Question

Being a somewhat proficient iOS developer, I have just started working on a desktop OSX project in Cocoa and I'm running into issues that I just can't grasp. So this question is for the OSX developers out there.

I don't like the Interface Builder much, so I tend to write my views in code. The most prominent method I write my view layout code in is a view controller's loadView method, and at least on iOS I use autoresizingMasks for everything. Try out the view small, large, rotated landscape and portrait and if all is dandy, I continue with the next item on my list. Now on the desktop, the autoresizingMask works (or just looks) a little bit different. First of all the properties have different names, but their behavior also seems weird or unexpected.

When I ran into the issue below, I thought it must be my code was wrong, so after trying out long enough I re-created it with Interface Builder just for confirmation's sake, and guess what: I got the exact same result. Take a view with four vertically stacked subviews. Set the middle two to have flexible heights, the outer ones to be fixed. When you run it, size it down and back up again, I get two completely different layouts before and after the resize. See image:

enter image description here

Now I can follow why this happens from a mathematical standpoint between run loops, but from the point of an 'autosizing' or 'autoresizing' feature, this makes absolutely no sense.

Before I try to write the mother-of-all-resizing-topics here, might I ask you these questions? Feel free to elaborate some more on the resizing topic if you feel it adds to the post.

  1. Am I a fool for not wanting to use the Interface Builder on desktop projects?
  2. Should I depend on the autoresizingMask less than I would on iOS projects?
  3. What are decent alternatives to making sure your layout lives up to standards without Interface Builder?

Cheers!

Was it helpful?

Solution

  1. Yes, in my opinion. :)

  2. You should depend on it when it does what you need. When it's insufficient, override resizeSubviewsWithOldSize: and/or resizeWithOldSuperviewSize: (or see below).

  3. ???

If you can target 10.7, look at the new constraint-based layout system. Check out the Cocoa Autolayout video from WWDC 2011.

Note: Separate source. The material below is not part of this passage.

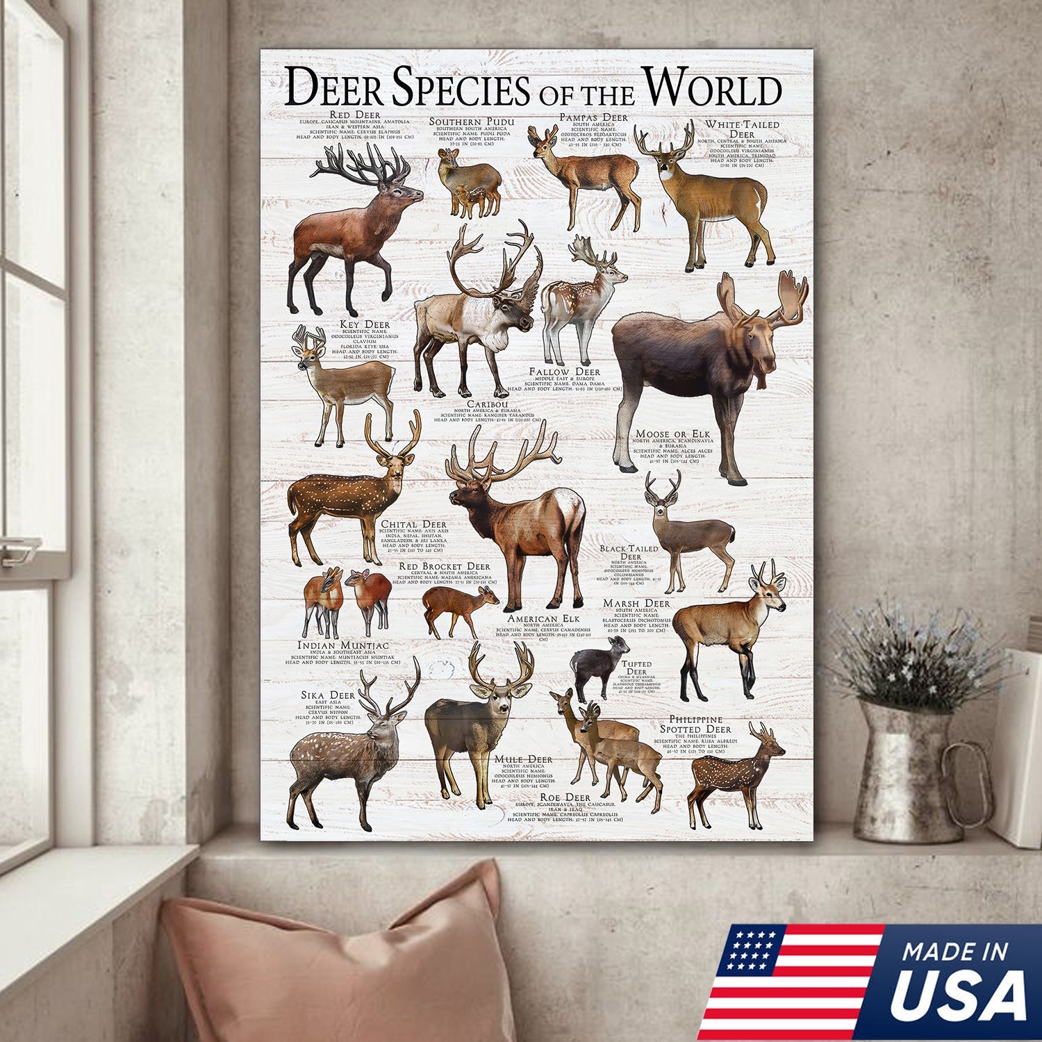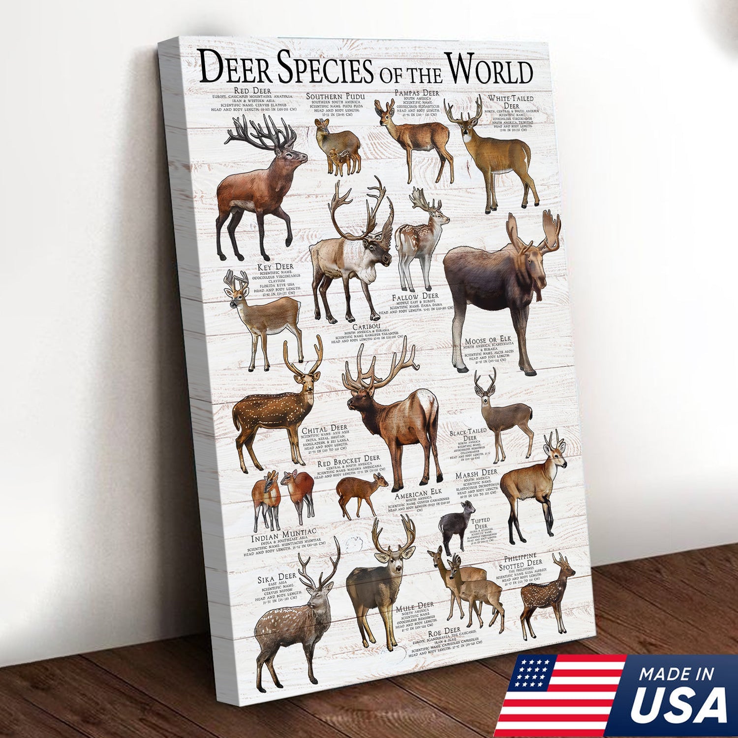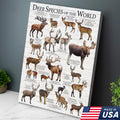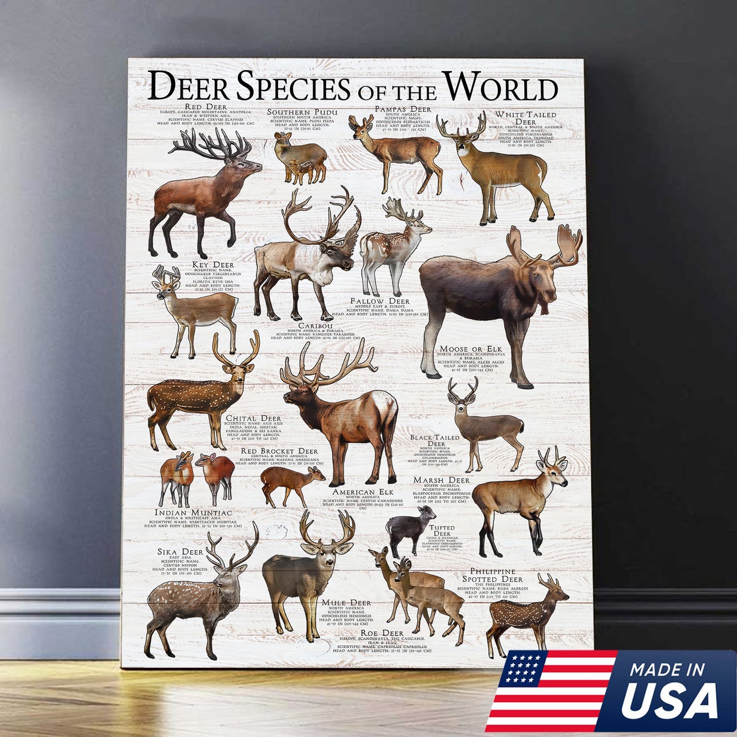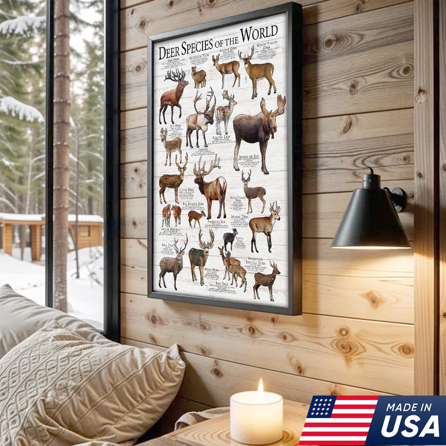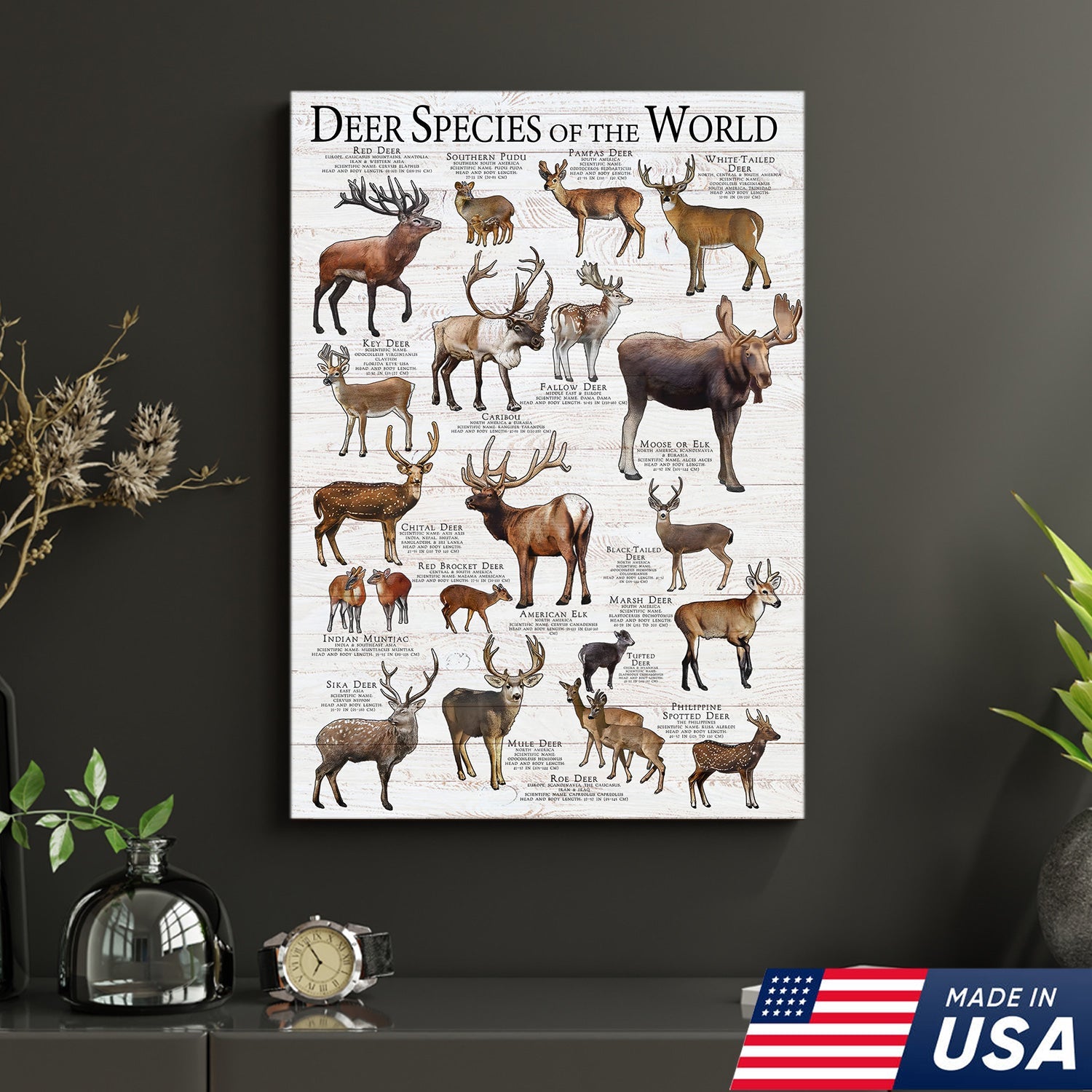 Deer Species of the World Vintage Educational Canvas Poster – Rustic Wildlife Wall Art for Cabin & Nature Lovers

You could also set minSize on your NSWindow to something large enough to prevent the singularity.

OTHER TIPS

  1. I'm not sure I'd say "fool," but refusing to use Interface Builder on the Mac is a very…avante-garde choice.

  2. You should definitely use autosizing on your views.

  3. Be maniacally attentive and spend lots of time making sure everything is right. (This is why I don't recommend going without Interface Builder. In general, what you get is a lot of wasted time that you could have spent doing something else.)

In this case, I think the best approach would be to set a sensible minimum height for the window. Don't let it get too small to display what it needs to display.